Later in the day, when the bread is baked, the oven is heated again and filled with pies—apple, mince, squash, and pumpkin. By the time these are baked the day is done. The coals on the hearth are covered with ashes and the tired cooks gladly retire for the night.
COOKING IN A COLONIAL KITCHEN.
On other days meat is boiled in pots that are hung from the crane, a long, swinging, iron rod which reaches directly over the fire or may be turned out into the room. Upon the hearth potatoes are baked, corn is roasted, and other primitive forms of cooking are used. We have made a long step from the Indian's open fire and his simple cooking to the brick and tin ovens and the metal pots and kettles of our ancestors; but is it not a longer step to the coal, oil, and gas ranges of to-day?
CHAPTER IV.
CHIMNEYS.
Remembering our experience in the Indian long house—the discomfort of the smoke and the opening in the roof—we shall understand another great improvement in the colonist's house.
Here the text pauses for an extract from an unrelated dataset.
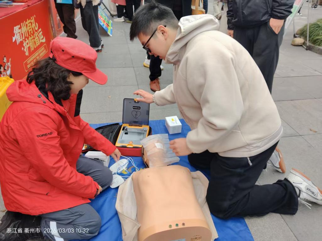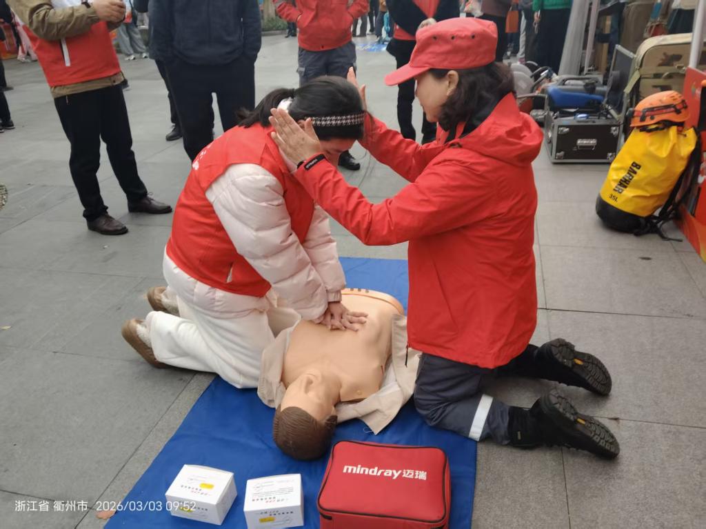 活动现场,红十字救援队员通过理论讲解、实操演示和互动体验的方式,向省运志愿者和现场市民系统讲解心肺复苏、AED使用、创伤包扎等核心应急救护技能,细致演示操作标准与动作要领。在救援装备展示区,专业急救箱、应急救援器材等设备一一陈列,队员们耐心讲解各类装备的功能与使用方法,帮助大家直观了解应急救援工作。
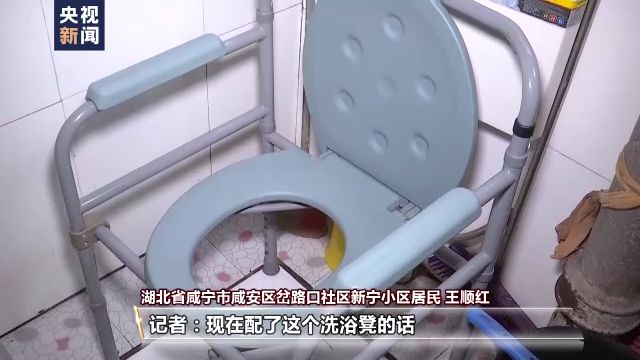 湖北省咸寧市咸安區(qū)岔路口社區(qū)新寧小區(qū)居民 王順紅:原來(lái)就用盆,給他擦洗?,F(xiàn)在方便多了,洗浴凳又穩(wěn),不怕摔跤,帶來(lái)很大的方便。

Even the log cabin had its chimney. The rising column of hot air from the fire, carrying the smoke with it, is confined between walls of stone or brick, and the room is fairly free from smoke. Why did not the Indian build a chimney? The temporary nature of his dwelling may have been a partial reason; but the red man's lack of civilization was doubtless the most effective cause. Even many so-called civilized nations built their houses without chimneys, and in fact this convenience is but a few centuries old.